ACTION ITEM: The first line of the entries and each line after it, through the one that contains "ميكروباص تحول لخردة..", are to be duplicated exactly; no picture belongs in the copy.

DATA SECTION:
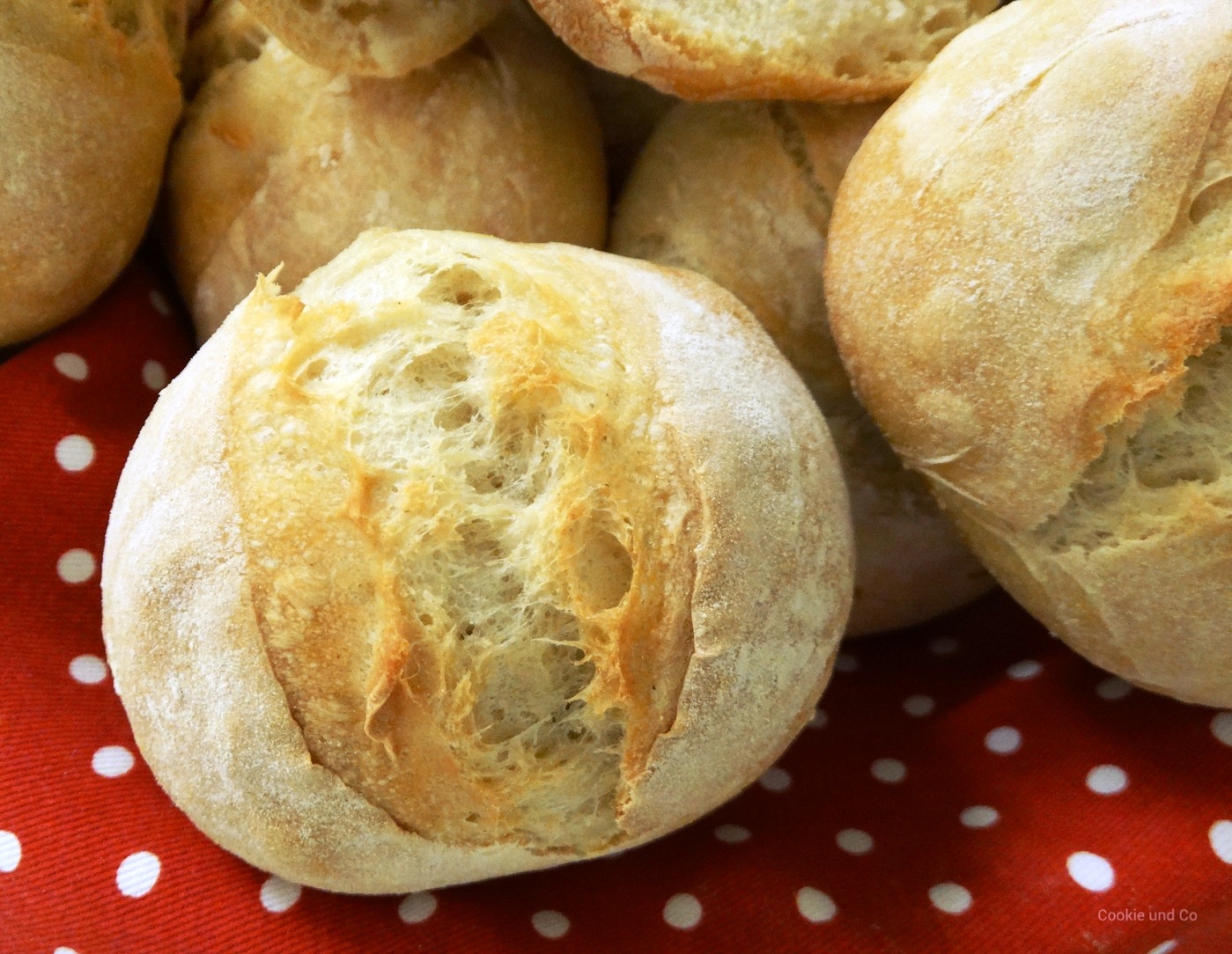 - Vor dem backen solltet ihr die Teiglinge mit etwas Wasser (nicht eiskalt) besprühen oder noch besser zu Backbeginn Schwaden (Dampfstoß), wenn ihr die Möglichkeit dazu habt.
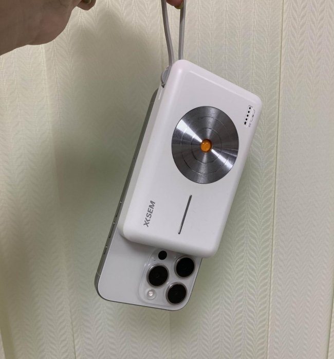 机身大小适中,拿着手感刚好,223g 的重量也不算重,放包里基本没负担。磁吸效果很稳,用的 N52 磁铁,一共 15 颗磁芯,手机一贴就牢牢吸住,不用再缠数据线,边走边充很方便。
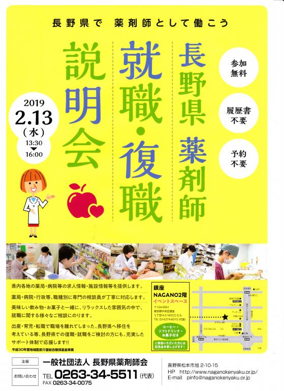現在県外にお住まいで、今後長野県での復職をお考えの薬剤師の方、長野県へのI・Uターンを希望される薬剤師・薬学生の方を対象に、銀座NAGANOで復職・就職説明会を開催します。当日は、長野県内の病院・薬局等の求人情報をご覧いただけるほか、担当者による個別相談を行います。長野県での復職・就職に関することは、何でもお気軽にご相談ください。
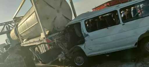 ميكروباص تحول لخردة.. مصرع 3 مواطنين وإصابة 18 في حادث تصادم مروع مع سيارة تريلا على الطريق الصحراوي بالبحيرة
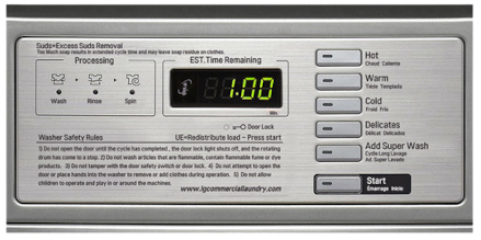 Система стирки с гигиеническим уходом 3+1. Система гигиенической очистки обеспечивает чистоту стиральных машин до, во время и после каждого использования. Три цикла: сначала 3-минутный цикл очистки барабана перед использованием; затем гигиенический цикл «дезинфекция» для тканей; и, наконец, цикл интенсивной очистки барабана, который можно запустить после окончания загрузки.

RESPONSE TO THIS EXERCISE:
 - Vor dem backen solltet ihr die Teiglinge mit etwas Wasser (nicht eiskalt) besprühen oder noch besser zu Backbeginn Schwaden (Dampfstoß), wenn ihr die Möglichkeit dazu habt.
 机身大小适中,拿着手感刚好,223g 的重量也不算重,放包里基本没负担。磁吸效果很稳,用的 N52 磁铁,一共 15 颗磁芯,手机一贴就牢牢吸住,不用再缠数据线,边走边充很方便。
現在県外にお住まいで、今後長野県での復職をお考えの薬剤師の方、長野県へのI・Uターンを希望される薬剤師・薬学生の方を対象に、銀座NAGANOで復職・就職説明会を開催します。当日は、長野県内の病院・薬局等の求人情報をご覧いただけるほか、担当者による個別相談を行います。長野県での復職・就職に関することは、何でもお気軽にご相談ください。
 ميكروباص تحول لخردة.. مصرع 3 مواطنين وإصابة 18 في حادث تصادم مروع مع سيارة تريلا على الطريق الصحراوي بالبحيرة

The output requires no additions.